Ich möchte den Apparat aber weiter von meinen Schreibtisch weg stellen.
Reicht mir für den Kabellosen Betrieb ein einfacher W-Lan-Stick, um den Canon via WIFI benutzen zu können ?
Muss ich den Treiber neu installieren, wenn ich jetzt von Kabel auf Kabellos umsteige ?
Vielen Dank im voraus für die eventuellen Antworten.

mfg OsFrontale


----------



## CooperManiac (2. Mai 2011)

Hab da nicht son richtigen plan von aber ein blick in die bedienungsanleitung  duerfte sicher nicht schaden

Wenn das geraet wifi kompatibel ist muss ja dazu auch was stehen 

Gruesse


----------



## Herbboy (2. Mai 2011)

Hast Du denn einen WLAN-Router? Wenn ja, dann kannst Du den Drucker einfach über dessen WLAN mit ins Netzwerk aufnehmen, also Drucker mit Router per WLAN verbinden, und dann brauchst Du natürlich keinen Stick am PC, wenn der PC wiederum per LAN auf den Router zugreifen kann.

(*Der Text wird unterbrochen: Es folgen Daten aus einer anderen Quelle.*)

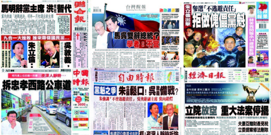 朱立倫透露「不會逃避責任」,引各界關注。《聯合報》頭條少提及朱立倫,反關注於目前國民黨主席代理職務,可望由第3副主席洪秀柱代理,並聚焦馬英九首次府院黨高層「黨政會報」提出的2大要點;《自由時報》頭條表示,朱立倫承認國民黨需要準備面對2016年政黨輪替,並細述在吳敦義提出請辭後,馬的反應和態度。

Aber so oder so: einfach mal in die Anleitung schauen. Ob aber eine Direktverbindung PC-Drucker klappt ohne Router, weiß ich nicht


----------



## BikeRider (2. Mai 2011)

Hallo

Bei mir geht zur Zeit alles übers gute alte Kabel, habe deshalb keinen W-Lan-Router.
Meine Überlegung geht daher in die Überlegung, dass ich mir einen günstigen W-Lan-Stick zulegen würde, wenn die klappen würde.
In der Gebrauchsanleitung habe ich leider nichts gefunden, ob ein  Stick reichen würde oder ob ich unbedingt einen Router brauche.


----------



## Herbboy (2. Mai 2011)

Da musst Du am besten mal brother anrufen, sofern nicht noch jemand kommt, der es aus Erfahrung weiß. ^^


----------



## BikeRider (5. Mai 2011)

Danke für die Antworten.
Ich werde mir wohl doch nen günstigen, guten Router kaufen.


----------